String as primary key

  • I have tables in database where a VARCHAR(50) string is unique identifier. The database currently has an integer identity column as clustered primary key, and there's a non-clustered index on string column. The customer always queries based on a defined set of the identifier (string) column.

    I wonder if someone sees an advantage of adding a persisted computed column to the table as the checksum of the string column, and then create a non-clustered index on the checksum and the string. When a customer requests data, we would compute the checksum of the customer provided identifier and add to the where clause or join, that the checksum and string must match.

    Will SQL Server perform checksum check (integer) and only if it succeeds, perform the string check, in which case I see an advantage of added the checksum column?

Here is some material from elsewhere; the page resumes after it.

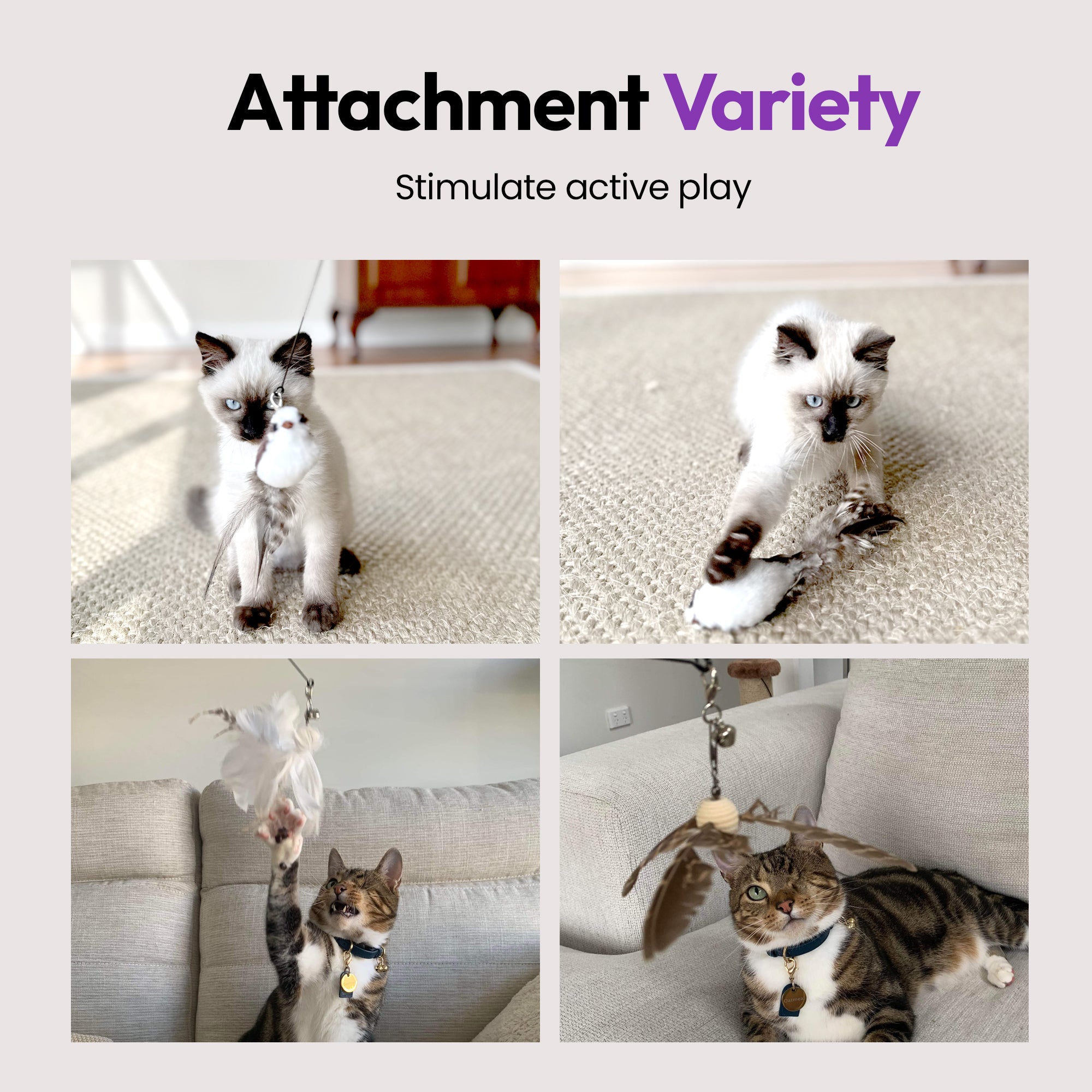 • ✔️ 3 Interchangeable Feather Toys 🔁

Or will SQL Server always check for both the checksum and string, in which case the additional column only adds unnecessary overhead? To note is the fact that the table(s) will have millions of rows, but the customer will request data for at at most, 100 or so identifiers.

  • Is there a problem just letting them query the column directly?

  • There is no problem letting them query the string directly. I'm mostly interested on the performance, though.

  • Either cluster directly on the string itself. Or, if you don't want to do, encode the string into an int (or smallint if you have less than ~20,000 values) and cluster on that. Clustering on identity is often very damaging to overall performance.

    For example:

    CREATE TABLE dbo.strings (

    string_id int IDENTITY(1, 1),

    string varchar(50)

    )

    In the main table:

    string_id int

    You might also store the string, denormalized, in the main table as well.

    For lookups:

    SELECT ...

    FROM main_table

    WHERE

    string_id IN (SELECT string_id FROM strings WHERE string IN ('<list of string values to lookup'>))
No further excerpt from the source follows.